# [Data block]
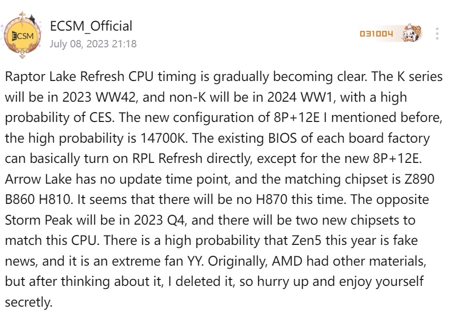 A partire dal Raptor Lake Refresh (RPL-R), Enthusiastic Citizen sostiene che Intel rilascerà le CPU standard della serie "K", come il Core i7-14700K, nella 42a settimana del 2023. Poiché la 42a settimana inizia il 16 ottobre e continua fino al 22 ottobre, possiamo vedere il lancio delle CPU RPL-R sbloccate a metà ottobre. Come riferimento, Intel ha lanciato i processori Raptor Lake di 13a generazione il 20 ottobre 2022, quindi le probabilità che il rapporto di Enthusiastic Citizen sia legittimo sono elevate.
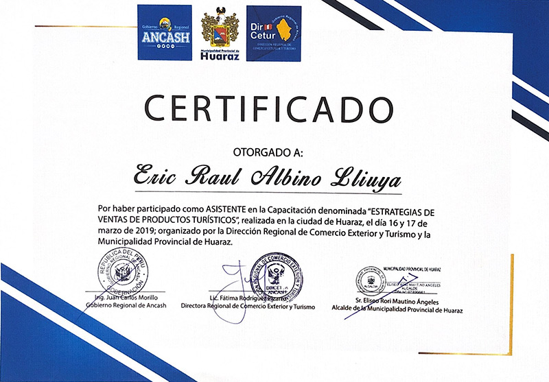 Eric at the moment he is a member of AGOMP (Asociación de Guías Oficiales de Montaña del Perú) as a Professional Mountain Guide.
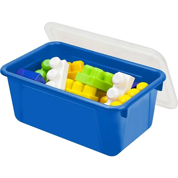 These small bins fit perfectly in classroom cubbies. They are also useful boxes for organizing your classroom. They are made of a drop resistant plastic which prevents cracking. Bright colors are ideal for STEM or STEAM organization. The clear lid is included. Perfect bin for shoes or even general storage.

# [Problem details]
Could you repeat each line above exactly as written? Omit the pictures.

# [Response below]
 A partire dal Raptor Lake Refresh (RPL-R), Enthusiastic Citizen sostiene che Intel rilascerà le CPU standard della serie "K", come il Core i7-14700K, nella 42a settimana del 2023. Poiché la 42a settimana inizia il 16 ottobre e continua fino al 22 ottobre, possiamo vedere il lancio delle CPU RPL-R sbloccate a metà ottobre. Come riferimento, Intel ha lanciato i processori Raptor Lake di 13a generazione il 20 ottobre 2022, quindi le probabilità che il rapporto di Enthusiastic Citizen sia legittimo sono elevate.
 Eric at the moment he is a member of AGOMP (Asociación de Guías Oficiales de Montaña del Perú) as a Professional Mountain Guide.
 These small bins fit perfectly in classroom cubbies. They are also useful boxes for organizing your classroom. They are made of a drop resistant plastic which prevents cracking. Bright colors are ideal for STEM or STEAM organization. The clear lid is included. Perfect bin for shoes or even general storage.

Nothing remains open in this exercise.